Cucumber is a free open source tool where you focus on behavior-driven development. Basically, how does the user interact with the program and how can we determine that proper behavior is seen.
Cucumber is based on scenarios and each scenario contains steps. Steps are typically written in a format that emphasized statements set up in a "Given, When, Then" series. Think of something like:
Given I want to log into the system
When I enter my username and password
Then I am on the welcome page
Of course, this is just a series of statements. they don't mean anything unless they have actions behind them. Cucumber has a number of harnesses and frameworks that it can interact with. Ruby and Java are perhaps the most well known but there are implementations for numerous other languages.
Rather than focus on the underlying code, let's consider Cucumber requirements specifically (and its underlying Gherkin language). there are a variety of ways to make scenarios and those scenarios can be made to be complex. Ideally, we would try to avoid doing that. The simpler the requirement and the more readable the requirement, the more likely that scenario will not be misunderstood. Adding too much logic or too many steps will make it difficult to determine if the requirement is actually being met.
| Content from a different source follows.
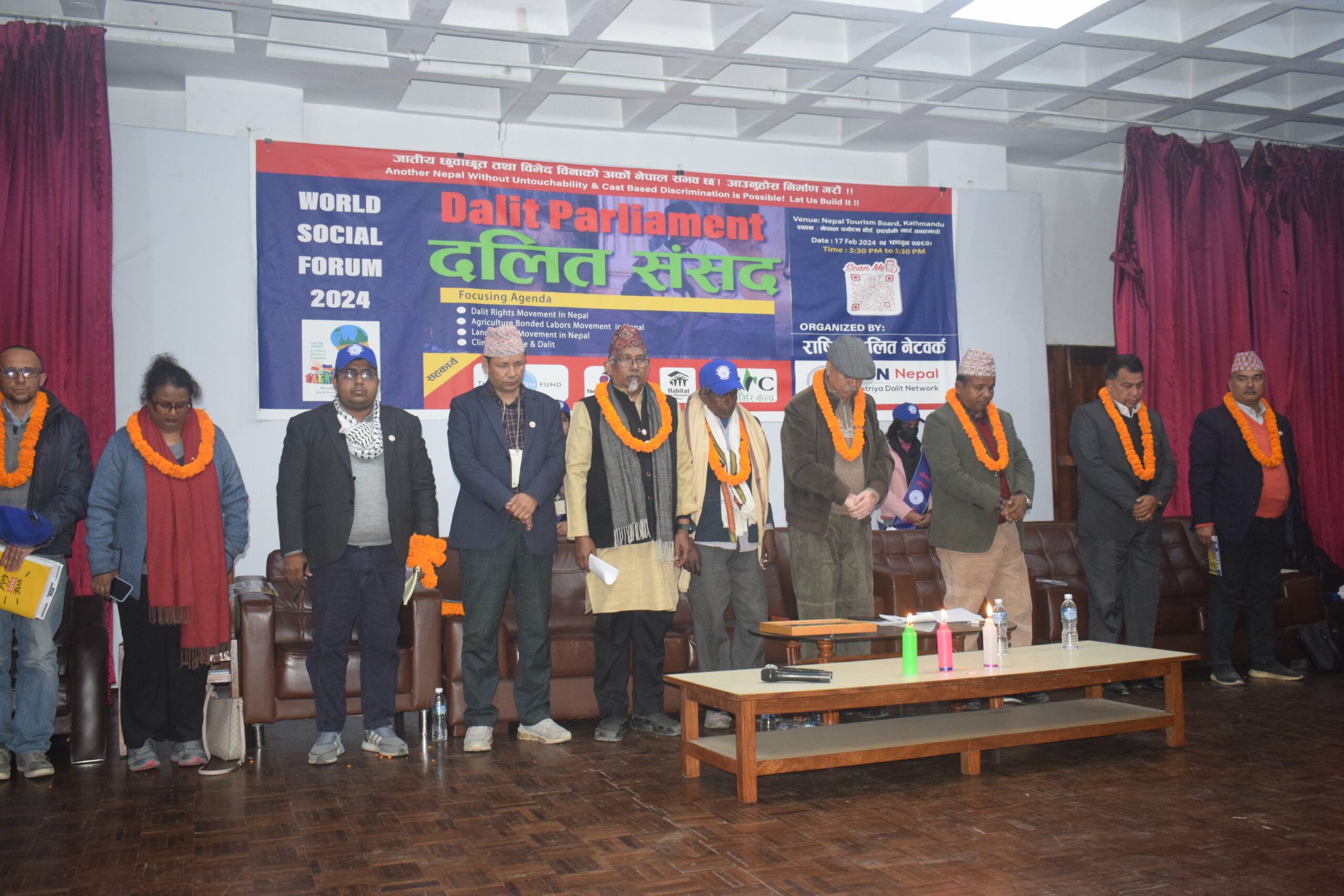 विश्व सामाजिक मञ्च नेपालमा भइरहेकै बेला नेपाली दलित आन्दोलनका अगुवाहरूले गणतन्त्र स्थापना हुनुभन्दा पहिल्यै सुदूरपश्चिमबाट अभ्यास आरम्भ भएको ‘दलित संसद्’ ब्यूँताएका छन् भने राज्यको सार्वभौम संसद्ले दलित समुदायको मानव अधिकार, मानव मर्यादा र आत्मसम्मानका लागि गर्न नसकेका विषयहरूमा दलित संसद्मा छलफल र बहस गरेर कानूनहरु बनाउने चुनौती समेत दिएका छन् ।

Cucumber is also not meant to be an exhaustive system or set of testing options. Plain English sentences are the goal. Look above where I created a simple login example. I could format this so that it looks at entering in multiple usernames and passwords. Is that a good series of tests? Possibly. Is that a good way to test behavior-driven requirements? Probably not. It's also better to focus on what is being done, rather than the exact steps or movements necessary to do every permutation.
Personas are useful and can help make the descriptions more meaningful to all stakeholders. By giving names and personalities we can see how different users may require or expect different behaviors.
Another anti-pattern is to avoid copying and pasting between scenarios. Granted, if done correctly, specific statements should be reusable in as many scenarios as possible. The key is to make sure that the statements made are as generic as possible and if generic doesn't cut it (as in there are terms that are specific to scenarios) then make the general statement as useful as possible without having to make multiple changes.
Scenarios can also have general statements that occur frequently. If you have scenario steps that are identical in different scenarios, it makes sense to extract them to a single location and use a keyword called "background". this background means any and all scenarios using that background will call that statement first and will call it with all of the scenarios listed beneath the background.
This all might seem a bit top-heavy and it's possible for some environments and well-established development environments, it may not make sense to wire up a full Cucumber test framework. Still, even if you don't actually run these Gherkin statements as literally automated tests, it is still useful to think of the phrasing and actions associated with Cucumber statements. these phrases and syntax may prove helpful when writing your requirements. Just using the base Cucumber syntax for writing out requirements may prove helpful. If you want to go the rest of the way, you could think of doing the rest and actually writing tests that use each requirement statement.